═══ EXERCISE MATERIAL

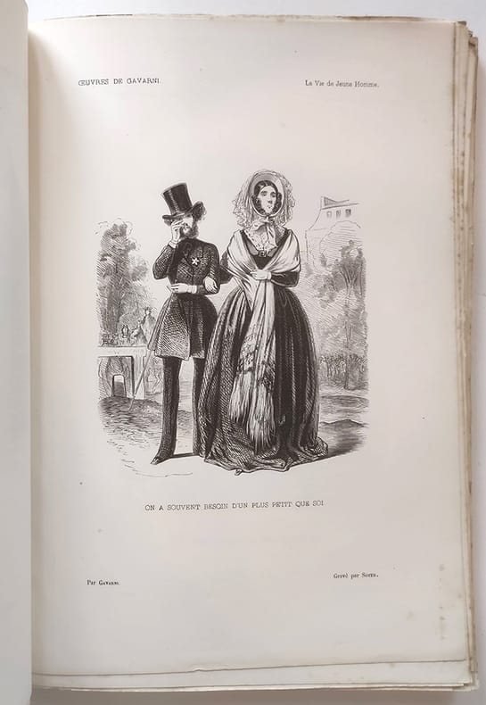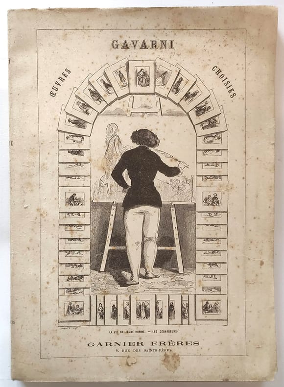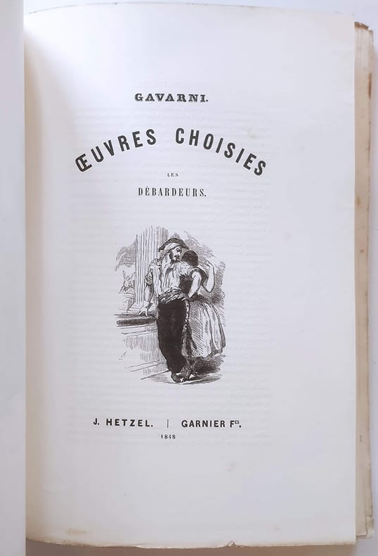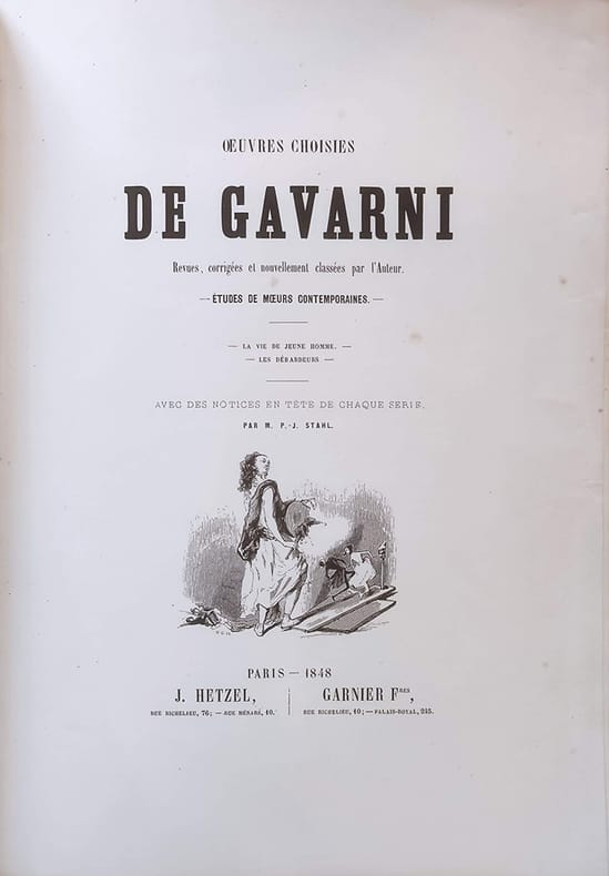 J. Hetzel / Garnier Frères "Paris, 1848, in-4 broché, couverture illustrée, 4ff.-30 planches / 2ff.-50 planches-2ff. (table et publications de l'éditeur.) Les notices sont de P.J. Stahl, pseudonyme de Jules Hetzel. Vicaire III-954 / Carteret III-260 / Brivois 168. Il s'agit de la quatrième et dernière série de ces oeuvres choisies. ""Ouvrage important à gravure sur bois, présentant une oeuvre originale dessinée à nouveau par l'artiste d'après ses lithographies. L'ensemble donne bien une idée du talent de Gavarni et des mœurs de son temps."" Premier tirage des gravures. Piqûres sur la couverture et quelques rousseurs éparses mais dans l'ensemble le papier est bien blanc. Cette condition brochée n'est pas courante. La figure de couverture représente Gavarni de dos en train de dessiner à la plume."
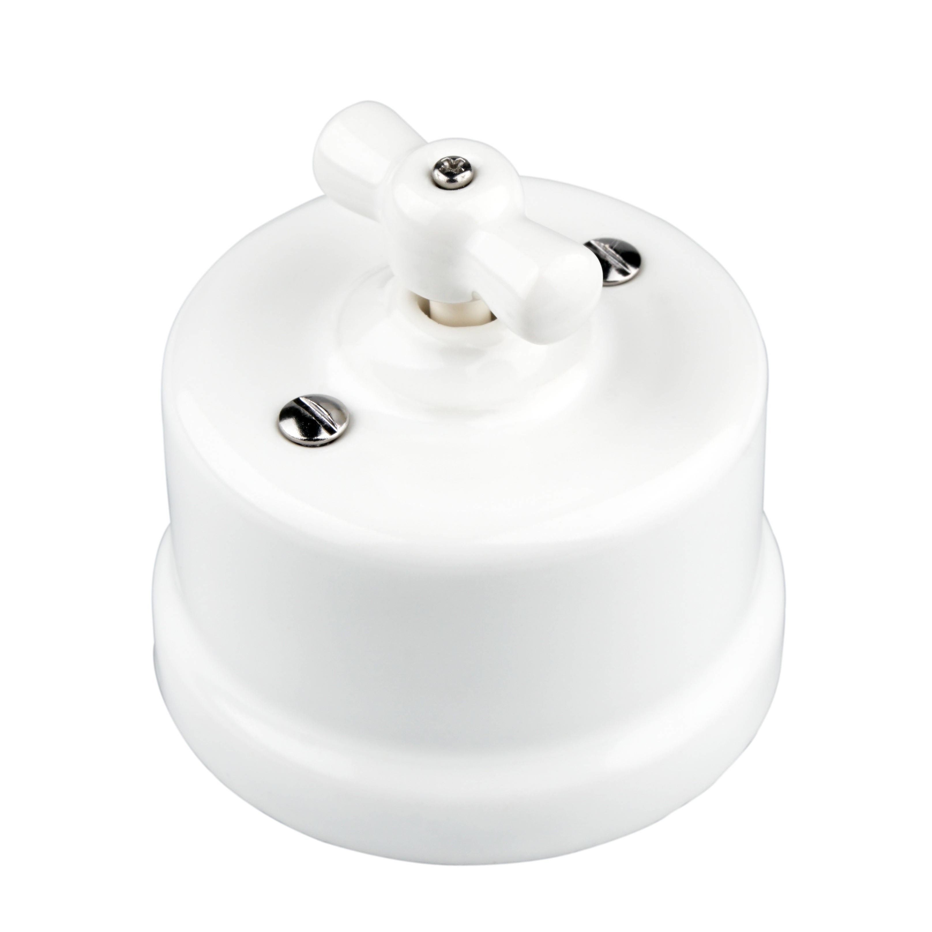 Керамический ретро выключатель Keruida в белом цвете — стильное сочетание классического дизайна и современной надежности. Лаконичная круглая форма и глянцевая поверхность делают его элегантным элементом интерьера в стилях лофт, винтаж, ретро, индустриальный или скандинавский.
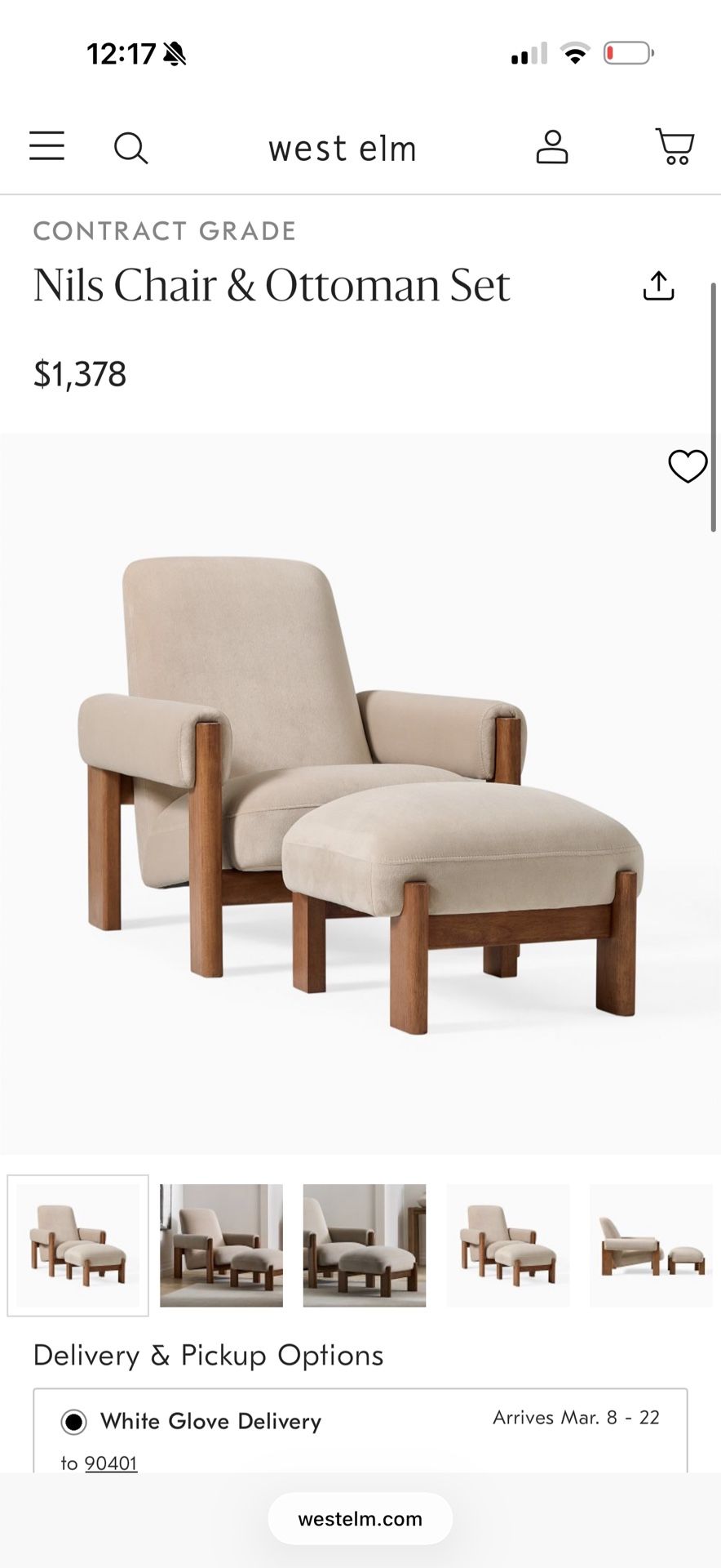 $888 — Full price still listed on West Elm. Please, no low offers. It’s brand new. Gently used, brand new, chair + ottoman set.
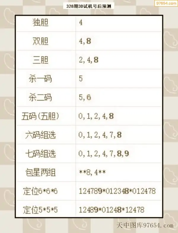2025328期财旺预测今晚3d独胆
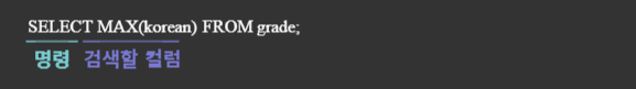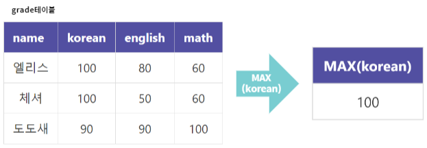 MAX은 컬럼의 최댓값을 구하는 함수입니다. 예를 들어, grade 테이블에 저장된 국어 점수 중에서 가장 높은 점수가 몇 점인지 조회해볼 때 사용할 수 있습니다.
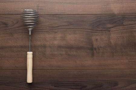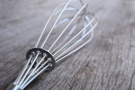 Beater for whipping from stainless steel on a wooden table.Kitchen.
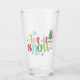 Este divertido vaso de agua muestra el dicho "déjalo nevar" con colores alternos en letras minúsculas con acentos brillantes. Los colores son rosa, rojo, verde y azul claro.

══════
═══ EXERCISE MATERIAL

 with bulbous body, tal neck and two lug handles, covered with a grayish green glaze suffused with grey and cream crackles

══════
═══ EXERCISE MATERIAL

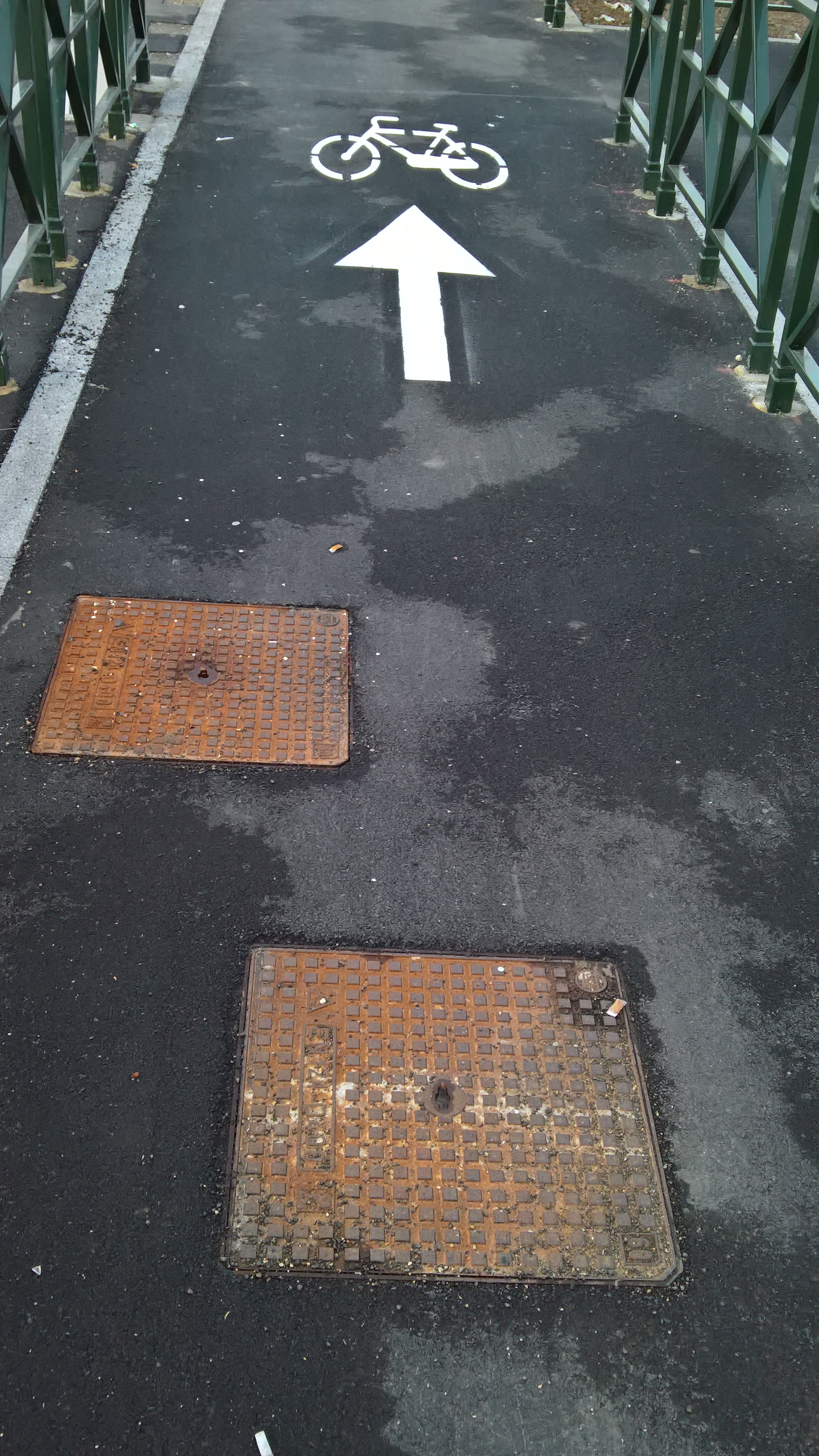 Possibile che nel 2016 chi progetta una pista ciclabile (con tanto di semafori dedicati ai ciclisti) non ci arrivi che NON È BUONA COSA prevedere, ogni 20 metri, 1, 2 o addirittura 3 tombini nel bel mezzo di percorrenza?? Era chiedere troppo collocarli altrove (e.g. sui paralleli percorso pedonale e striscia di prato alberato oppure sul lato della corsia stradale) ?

══════

* DESCRIPTION OF THE TASK
Everything above from the line containing "chair + ottoman set." down to the line containing "Beater for whipping" is to be duplicated exactly, both lines included, and the pictures are to be omitted.

* ANSWER BOX
 $888 — Full price still listed on West Elm. Please, no low offers. It’s brand new. Gently used, brand new, chair + ottoman set.
2025328期财旺预测今晚3d独胆
 MAX은 컬럼의 최댓값을 구하는 함수입니다. 예를 들어, grade 테이블에 저장된 국어 점수 중에서 가장 높은 점수가 몇 점인지 조회해볼 때 사용할 수 있습니다.
 Beater for whipping from stainless steel on a wooden table.Kitchen.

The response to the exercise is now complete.